Кажется, она говорила то же самое про свадьбу Оламиды и Сесана, но я отказывалась заглядывать так далеко. Надежда стала роскошью, которую я больше не могла себе позволить.

— Вот так всегда, дети быстро растут, — сказала бывшая директриса. — Моя младшая вышла замуж в прошлом году. До сих пор помню, как узнала, что беременна. А теперь и она станет матерью.

— Поздравляю, мадам, — ответила я и взяла деревянный гребешок.

— Спасибо.

— И когда свадьба? — спросила я Ийю Болу.

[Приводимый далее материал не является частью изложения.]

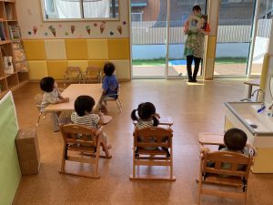 もも組(0歳児)のお友達も夢中ですね![]()

— Наверно, в июне, точную дату еще не назначили.

— Надеюсь, выборы не повлияют на подготовку, — заметила клиентка и наклонила голову, чтобы я разделила волосы на проборы.

— Потому и не назначают точную дату. Брат хочет сначала узнать день выборов.

Я фыркнула:

— Думаете, будут выборы? Бабангида уже столько раз их откладывал.

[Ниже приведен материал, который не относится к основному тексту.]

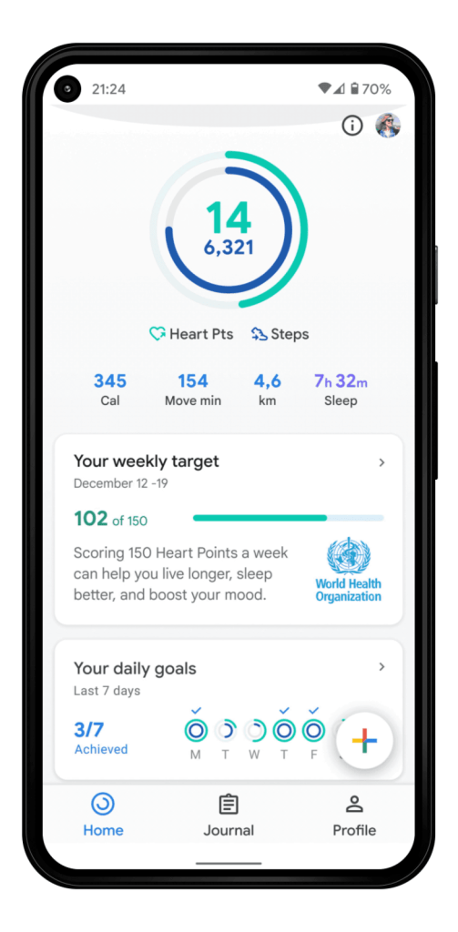 A feed of more health information follows, with this revamp placing each metric in compact cards. Stats like daily goals, Heart Points, steps, and blood pressure are shown over the course of a week. Weight gets a month-to-month view, while your last workout is visualized on a map. This approach means that you’re more likely to pick up information from the Home tab without having to dive into the individual metric.

— Переходный период, — сказала клиентка. — Мы живем в переходный период. Это процесс. Ничего не делается сразу. Цинизм ни к чему. Да, в чем-то он потерпел неудачу, но это можно понять.

— Мне кажется, он топчется на месте. И эта история с выборами — очередной обман. Военные просто водят нас за нос.

— В этот раз он точно уйдет в отставку, попомните мое слово. По крайней мере, теперь у нас гражданские губернаторы, а в декабре приступит к работе новое законодательное собрание. Это постепенный переход, дорогая, шаг за шагом. Только так можно добиться длительных изменений.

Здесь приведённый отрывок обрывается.